An exact repetition of the data below, without images, is the expected answer.

───

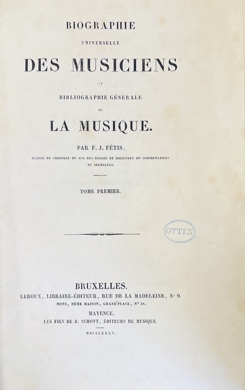 Biographie universelle des musiciens et bibliographie générale de la musique.
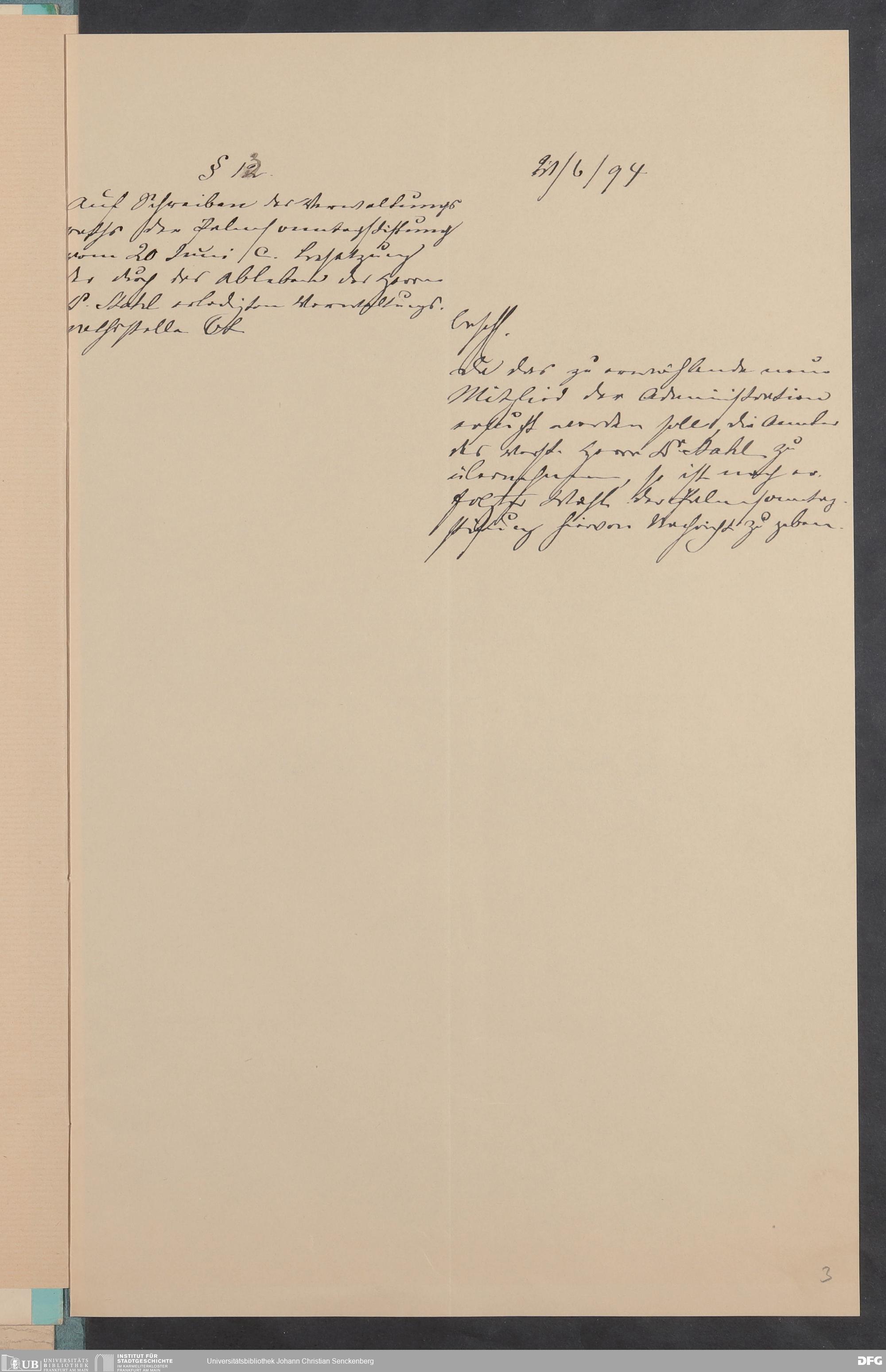 V48 Dr. Senckenbergische Stiftung, 743 - Ernennung Carl Stahls zum Deputierten der Senckenbergischen Stiftung bei der Palmsonntag-Stiftung
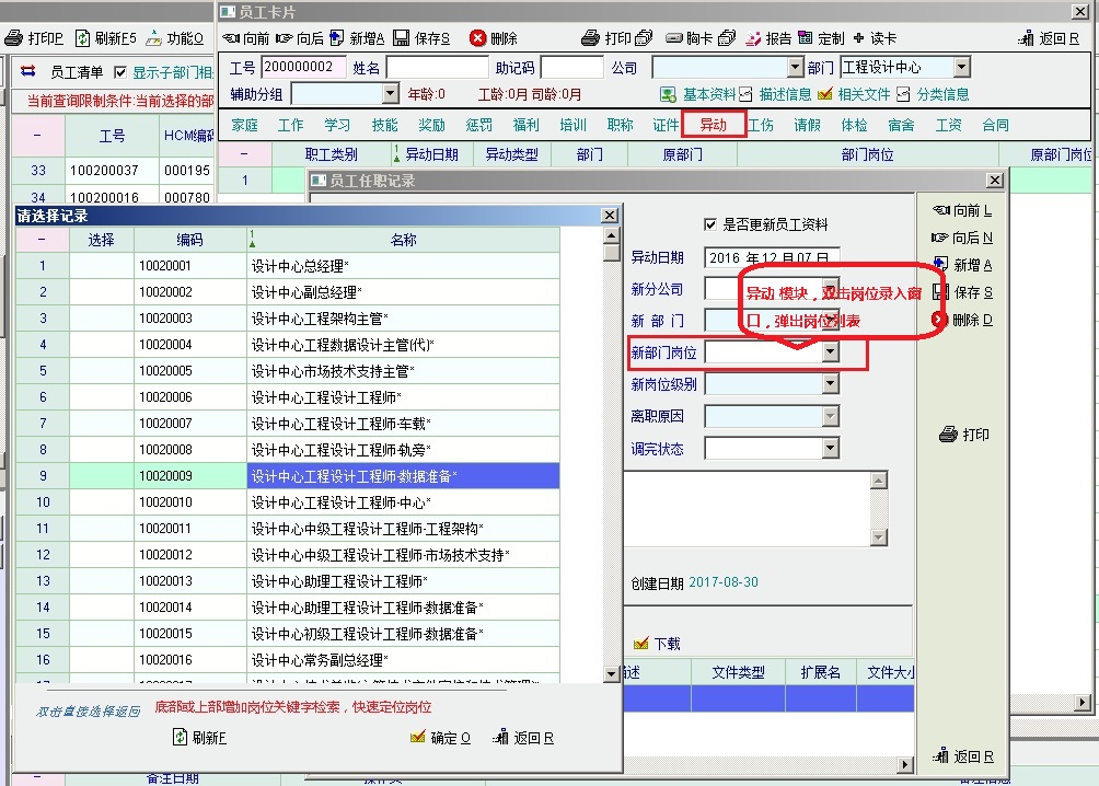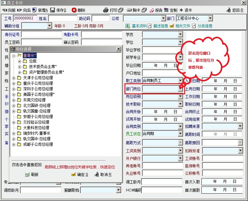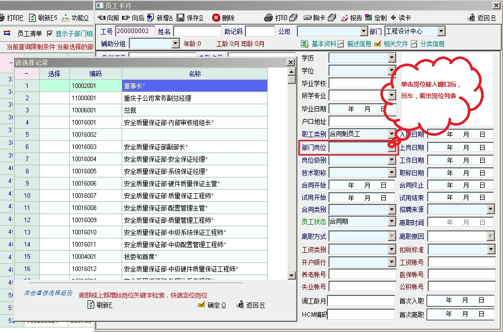 一、onlyit有两个地方需要频繁录入岗位名称: 1、新员工建档录入“部门岗位” 2、调岗调职 录入“原部门岗位”和“新部门岗位” 二、目前onlyit的岗位录入机制有3种: 1、直接输入 2、在“岗位等级列表”中选择(员工卡片-部门岗位 录入框处 双击 弹出) 3、在“岗位清单列表”中选择(员工卡片-部门岗位 录入框处 单击后回车弹出;或在“调岗调职-原/新部门岗位”录入窗口双击 弹出) 三、问题 通过弹出岗位列表(岗位等级列表、岗位清单列表) 点选 岗位的时候,因相似的岗位比较多,查找比较麻烦 四、建议 建议在录入岗位时,调出的“岗位等级列表”或“岗位清单列表”窗口,增加检索功能,输入关键字 快速调出 目标岗位,并选择后录入。 五、附图说明
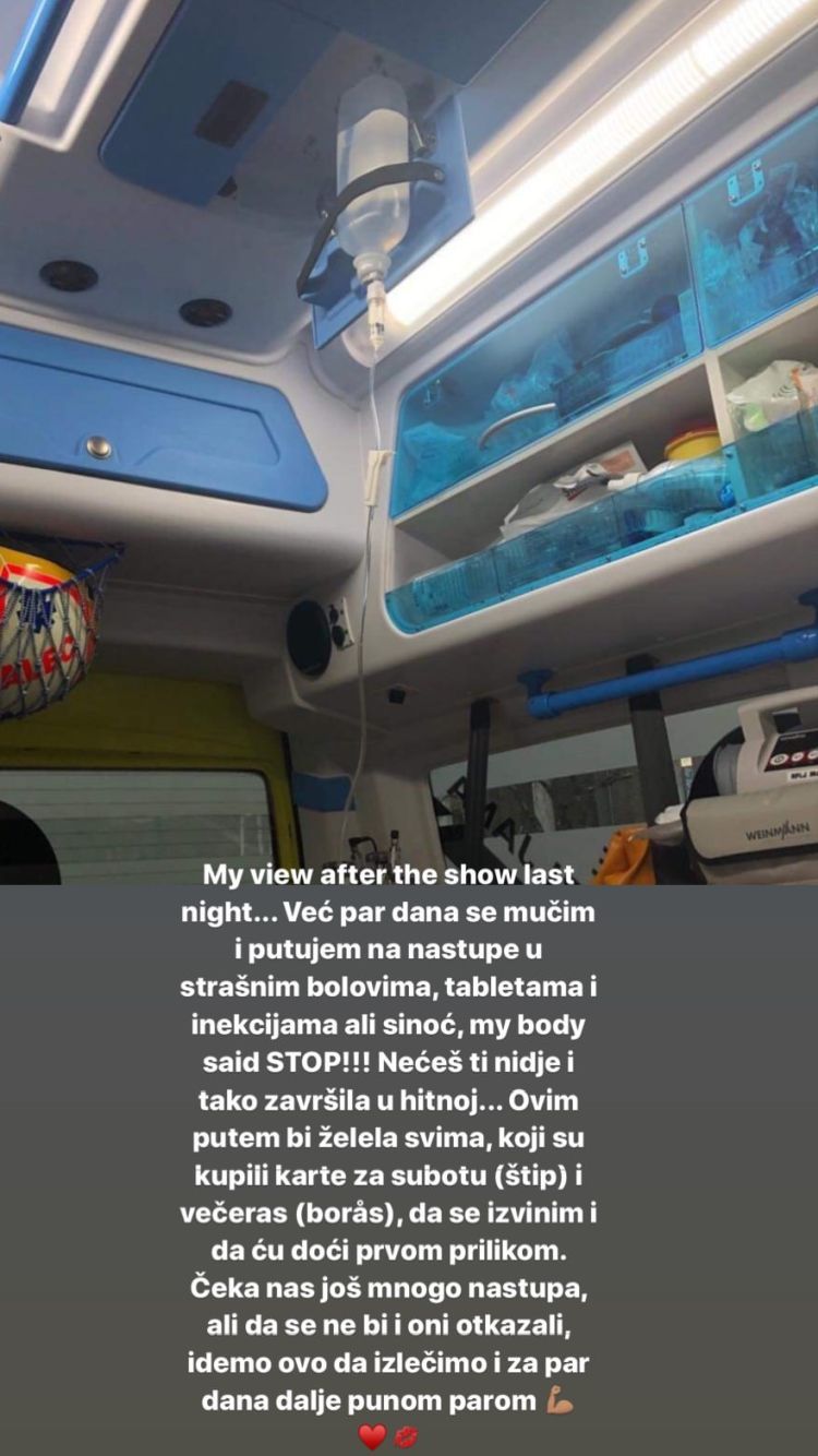 - Već par dana se mučim i putujem na nastupe u strašnim bolovima, tabletama i injekcijama, ali sinoć je moje telo reklo stop! Nećeš niđe i tako završila u Hitnoj. Ovim putem bih želela svima koji su kupili karte da se izvinim, doći ću prvom prilikom. Čeka nas mnogo nastupa, ali da se ne bi i oni otkazali, idemo da ovo izlečimo i za par dana dalje punom parom - poručila je Senidah na Instagramu.
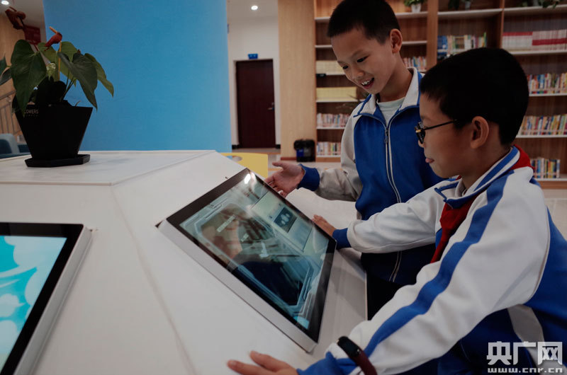 圖為學(xué)生們正在體驗(yàn)圖書知識競答(央廣網(wǎng)記者 胡斐 攝)
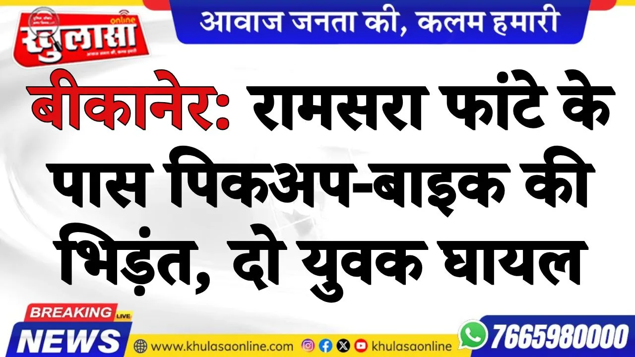 बीकानेर: रामसरा फांटे के पास पिकअप-बाइक की भिड़ंत, दो युवक घायल
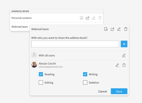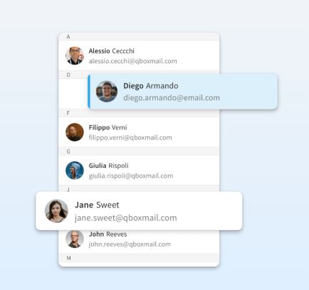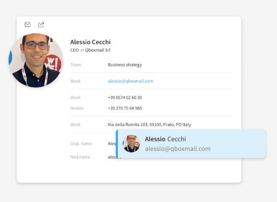 Grazie alla sincronizzazione dei sistemi di gestione ed API di Qboxmail ogni volta che l’account di un nuovo utente viene aggiunto al dominio aziendale, i suoi dati di contatto vengono immediatamente resi disponibili per tutti i membri dell’azienda, semplificando e facilitando così lo scambio di informazioni in azienda.

───

• [Completed exercise]:
 Biographie universelle des musiciens et bibliographie générale de la musique.
 V48 Dr. Senckenbergische Stiftung, 743 - Ernennung Carl Stahls zum Deputierten der Senckenbergischen Stiftung bei der Palmsonntag-Stiftung
 一、onlyit有两个地方需要频繁录入岗位名称: 1、新员工建档录入“部门岗位” 2、调岗调职 录入“原部门岗位”和“新部门岗位” 二、目前onlyit的岗位录入机制有3种: 1、直接输入 2、在“岗位等级列表”中选择(员工卡片-部门岗位 录入框处 双击 弹出) 3、在“岗位清单列表”中选择(员工卡片-部门岗位 录入框处 单击后回车弹出;或在“调岗调职-原/新部门岗位”录入窗口双击 弹出) 三、问题 通过弹出岗位列表(岗位等级列表、岗位清单列表) 点选 岗位的时候,因相似的岗位比较多,查找比较麻烦 四、建议 建议在录入岗位时,调出的“岗位等级列表”或“岗位清单列表”窗口,增加检索功能,输入关键字 快速调出 目标岗位,并选择后录入。 五、附图说明
 - Već par dana se mučim i putujem na nastupe u strašnim bolovima, tabletama i injekcijama, ali sinoć je moje telo reklo stop! Nećeš niđe i tako završila u Hitnoj. Ovim putem bih želela svima koji su kupili karte da se izvinim, doći ću prvom prilikom. Čeka nas mnogo nastupa, ali da se ne bi i oni otkazali, idemo da ovo izlečimo i za par dana dalje punom parom - poručila je Senidah na Instagramu.
 圖為學(xué)生們正在體驗(yàn)圖書知識競答(央廣網(wǎng)記者 胡斐 攝)
 बीकानेर: रामसरा फांटे के पास पिकअप-बाइक की भिड़ंत, दो युवक घायल
 Grazie alla sincronizzazione dei sistemi di gestione ed API di Qboxmail ogni volta che l’account di un nuovo utente viene aggiunto al dominio aziendale, i suoi dati di contatto vengono immediatamente resi disponibili per tutti i membri dell’azienda, semplificando e facilitando così lo scambio di informazioni in azienda.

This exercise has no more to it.